If no stopping criterion is met, proceed to the next batch (step 3.1).

3.7 Cross-Cutting Concerns

Codex failure cascade: Track consecutive Codex delegation failures. After 3 consecutive failures, auto-disable Codex for remaining experiments and fall back to subagent dispatch. Log the switch.

Error handling: If an experiment's measurement command crashes, times out, or produces malformed output:

  • Log as outcome
    error
    or
    timeout
    with the error message
  • Revert the experiment (cleanup worktree)
  • The loop continues with remaining experiments in the batch

Progress reporting: After each batch, report:

  • Batch N of estimated M (based on backlog size)
  • Experiments run this batch and total
  • Current best metric and improvement from baseline
  • Cumulative judge cost (if applicable)

Crash recovery: See Persistence Discipline section. Per-experiment

result.yaml
markers are written in step 3.3. Individual experiment results are appended to the log immediately in step 3.3. Batch-level state (outcomes, best, digest) is written in step 3.5. On resume (Phase 0.4), the log on disk is the ground truth — scan for any
result.yaml
markers not yet reflected in the log.


Phase 4: Wrap-Up

4.1 Present Deferred Hypotheses

If any hypotheses were deferred due to unapproved dependencies:

  1. List them with their dependency requirements
  2. Ask the user whether to approve, skip, or save for a future run
  3. If approved: add to backlog and offer to re-enter Phase 3 for one more round

4.2 Summarize Results

Present a comprehensive summary:

Optimization: <spec-name>
Duration: <wall-clock time>
Total experiments: <count>
  Kept: <count> (including <runner_up_kept_count> runner-up merges)
  Reverted: <count>
  Degenerate: <count>
  Errors: <count>
  Deferred: <count>

Baseline -> Final:
  <primary_metric>: <baseline_value> -> <final_value> (<delta>)
  <gate_metrics>: ...
  <diagnostics>: ...

Judge cost: $<total_judge_cost_usd> (if applicable)

Key improvements:
  1. <kept experiment 1 hypothesis> (+<delta>)
  2. <kept experiment 2 hypothesis> (+<delta>)
  ...

4.3 Preserve and Offer Next Steps

The optimization branch (

optimize/<spec-name>
) is preserved with all commits from kept experiments. The experiment log and strategy digest remain in local
.context/...
scratch space for resume and audit on this machine only; they do not travel with the branch because
.context/
is gitignored.

Present post-completion options via the platform question tool:

  1. Run
    /ce-code-review
    on the cumulative diff (baseline to final).
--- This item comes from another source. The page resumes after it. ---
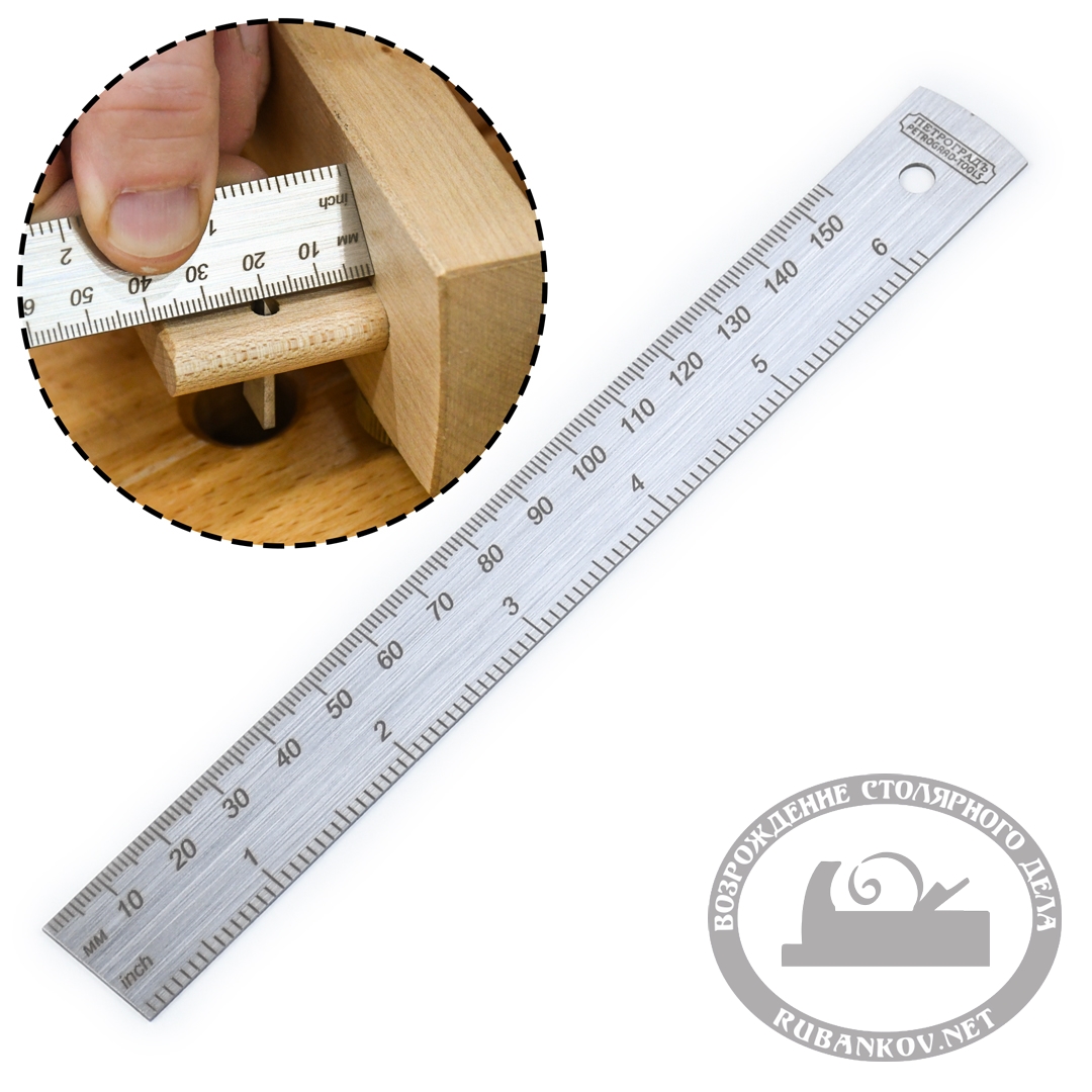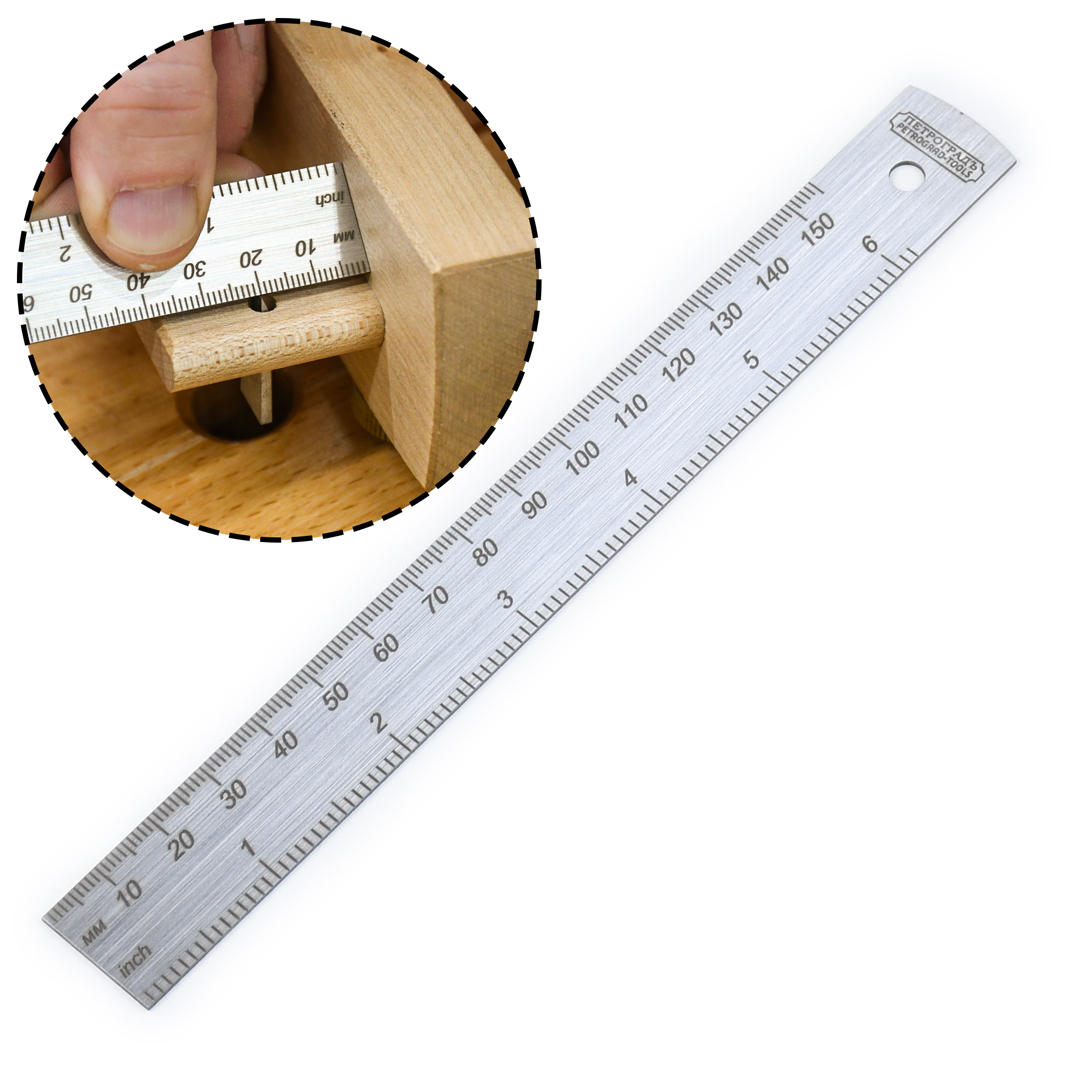 Линейка ПЕТРОГРАДЪ 150мм / 6". Эта компактная линейка жизненно необходима в огромном количестве ситуаций в столярном деле. Например, с ее помощью можно проводить измерения и разметку при создании шиповых соединений. Изготавливается из латуни и нержавеющей стали. Производство – фабрика Петроградъ (Россия).

Load the
    ce-code-review
    skill with
    mode:autofix
    on the optimization branch.
  2. Run
    /ce-compound
    to document the winning strategy as an institutional learning.
  3. Create PR from the optimization branch to the default branch.
  4. Continue with more experiments: re-enter Phase 3 with the current state. State re-read first.
  5. Done -- leave the optimization branch for manual review.

4.4 Cleanup

Clean up scratch space:

# Keep the experiment log for local resume/audit on this machine
# Remove temporary batch artifacts
rm -f .context/compound-engineering/ce-optimize/<spec-name>/strategy-digest.md

Do NOT delete the experiment log if the user may resume locally or wants a local audit trail. If they need a durable shared artifact, summarize or export the results into a tracked path before cleanup. Do NOT delete experiment worktrees that are still being referenced.